Agency makes 2nd round of funding

The U.S. Department of Agriculture this week announced a second round of Partnerships for Climate-Smart Commodities funding for sustainability in agriculture projects that included 28 in Arkansas.

The Biden Administration, via the USDA, allocated $325 million in total for 71 pilot projects via the Climate-Smart Commodities program, Agriculture Secretary Tom Vilsack said Monday at Tuskegee University in Alabama. It is the second round of funding for the program.

Vilsack visited England in Lonoke County on Sept. 14 to announce $2.8 billion had been allocated for 70 projects in the first round.

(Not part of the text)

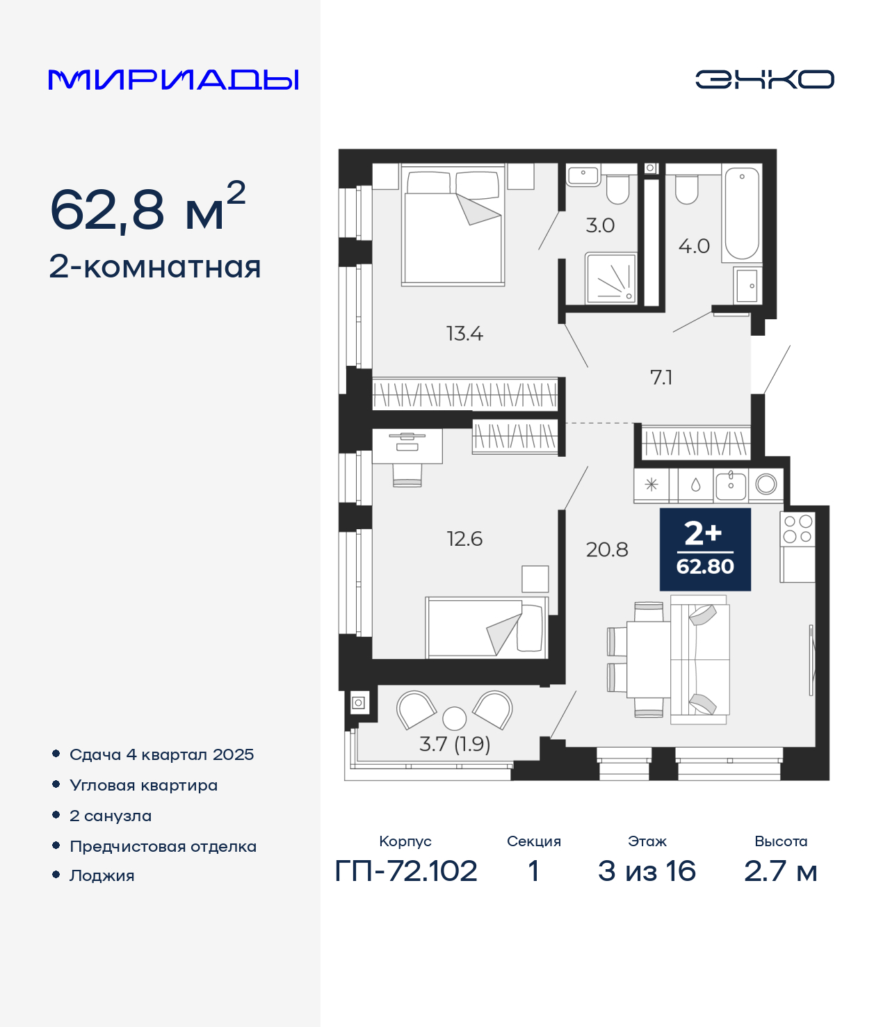Продается 2-комн. квартира с предчистовой отделкой в ЖК "Мириады" на 3 этаже. Общая площадь: 62.8 кв.м., жилая: 26 кв.м., площадь просторной кухни-столовой: 20.8 кв.м. Угловая квартира, окна oбecпeчивaют paвнoмepнoe ocвeщeниe в тeчeниe дня. В квартире одна лоджия, два совмещенных санузла. Высота потолков 2.7 м. Дом монолитный, многоподъездный, переменной этажности, от 14 до 16 этажей. Квартира находится в 1-й секции высотой 16 этажей в корпусе ГП-72.102. На этаже 9 квартир. В подъезде 1 пассажирский и 1 грузовой лифт. Окончание строительства - 4 квартал 2025 года. Оформление сделки по договору долевого участия. Вселенная бесконечных историй. Ранее невиданный Тюмени масштаб: территория 240 гектаров и 1 650 000 м² застройки. Мириады – это город масштабных перемен и больших возможностей. Город зеленых рощ и зеркальных озер. Город для работы, учебы и развлечений. Город для детей и их родителей. Город для всех и каждого. Проект расположен в районе Мыс рядом с ТРЦ «Тюмень Сити Молл» в границах улицы Тимофея Чаркова, Тобольского тракта и объездной дороги. Срок полного освоения территории - до 2034 года. (AQID02522745)

For the second round of funding, the University of Arkansas System will take the lead on a project worth up to $3.7 million for a wood products project involving the University of Arkansas at Pine Bluff, University of Arkansas at Monticello and Texas A&M.

Winrock International will lead a project worth up to $20 million that involves rice and beef, in partnership with Riceland Foods, Inc. and others.

USA Rice Federation, Inc. will take the lead on a rice project worth up to $80 million.

Tyson Foods, Inc. will take the lead on a beef, poultry, pork and corn project worth up to $60 million.

In the first round of funding in Arkansas, USA Rice Federation, Winrock International and Tyson Foods were approved for major contracts worth at least $160 million in total.

The first Arkansas projects chosen were geared mostly toward rice production, a few other row crops and cattle and poultry.

The USDA has chosen 141 total projects worth more than $3.1 billion in both rounds of Climate-Smart Commodities funding, a USDA press release stated.

"Small and underserved producers are facing the impacts of climate change head on, with limited resources, and have the most to gain from leveraging the growing market demand for agricultural goods produced in a sustainable, climate-smart way," Vilsack said in the release.

"Our goal is to expand markets for climate-smart commodities and ensure that small and underserved producers reap the benefits of these market opportunities."

All of the chosen project proposals include plans to match 50% of the federal investment on average with non-federal funds, the release stated.

Via both funding pools, the Climate-Smart program expects to reach more than 60,000 farms across 25 million acres of working land, to sequester more than 66 million tons of carbon dioxide equivalent over the lives of the projects and involved nearly 100 universities, including 30 minority-serving institutions.

The Climate-Smart Commodities program was designed to help American producers create products that consider the producer's impact on climate change, by expanding markets for these producers, utilizing greenhouse gas emission reduction incentive programs and uplifting small and underserved producers, the release said.

The USDA has received more than 1,000 proposals by approximately 700 entities from all 50 states for over $20 billion in requested funding via the Climate-Smart Initiative for both pools of funding.